An Ode to our Heritage: Frank Handlen Sculpts Our Forebears of the Coast Statue

By Shelley Wigglesworth

105-year-old Frank Handlen is an accomplished, well-known, and well-respected marine artist. In addition to pen and ink drawings, sketches and oil paintings of the sea, coastline, and coastal life, Handlen is also a sculptor and the man who created the “Our Forebears of the Coast” bronze statue on Kennebunkport’s River Green.

Frank Handlen was born September 26, 1916, in Brooklyn, New York and was raised in Caldwell, New Jersey. In a 2016 interview by Wm. Duke Harrington, Handlen was asked about how he became interested in art as a child. He said “I just had that tendency when I was very young. And when you have that in you, it doesn’t leave you and eventually you must do something about it, and then you find you just have to keep at it.”

Handlen moved to Biddeford Pool in the 1930’s, to be closer to the subject matter he favored, and later he settled in Kennebunkport. As a young man, he worked in Bernie Warner's shipyard on the Kennebunk River, painted houses, and did other jobs. During World War II, Handlen was 25, married with two children and therefore was not drafted. He contributed to the war effort on the home front by helping assemble machine guns.

The author and Frank, with one of his paintings

In the 1970’s Handlen designed and built a 40-foot, 16-ton, cement hulled topsail schooner, the Saltwind, using tools that he crafted himself, in his backyard in Kennebunkport. In 1975 the Saltwind was launched from the old Reid’s boatyard, into the Kennebunk. It was the first topsail schooner to have been built around and launched in the Kennebunk River since the mid-1800s. It remained moored in the Kennebunk River behind Handlen’s home, until just a few years ago.

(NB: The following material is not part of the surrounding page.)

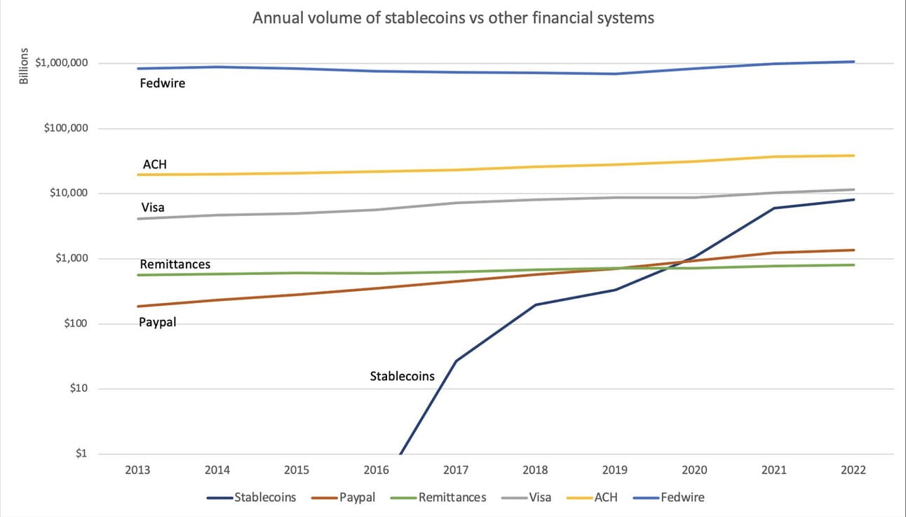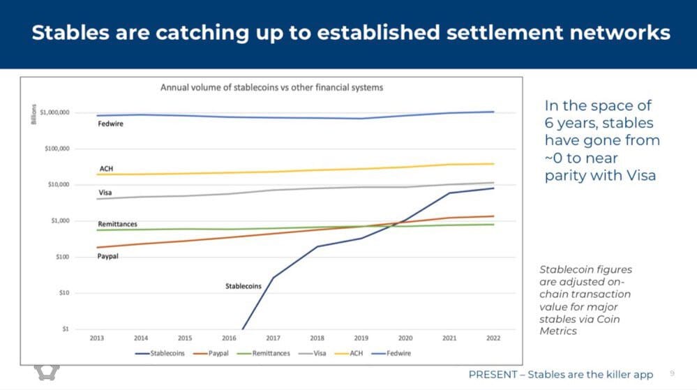 Stablecoins offer faster, lower-cost, global, instant settlement rails that are upgradable, programmable, and permissionless.

The Saltwind sailing our local waters

In 1994, Handlen was commissioned to create the bronze statue, Our Forebears of the Coast, which stands on the Kennebunkport River Green, adjacent to Ganny’s Garden, both Kennebunkport Conservation Trust properties. The statue was made possible by the monetary gift from Catherine and John Rinaldi in memory of Fred J. Rinaldi, John’s father, and Catherine’s late husband. Work on the statue began in the Captain Lord Mansion Carriage House, with the Kennebunkport Conservation Trust agreeing to provide placement of the monument at the Village Green in front of the Captain Lord Mansion once completed.

In a recorded lecture Handlen presented about the process of creating the statue, he said he had a vision for the statue in mind, which he explained was based on his “long held empathy for the arduous and often abbreviated lives of our coastal fisher people of two centuries ago.” He added “Even without exact knowledge of their lives, one ought to sense that fortitude had to have been their defining characteristic.” Because of this, Handlen said a heroic size statue was necessary “to best convey their anonymous, yet formative historical role.”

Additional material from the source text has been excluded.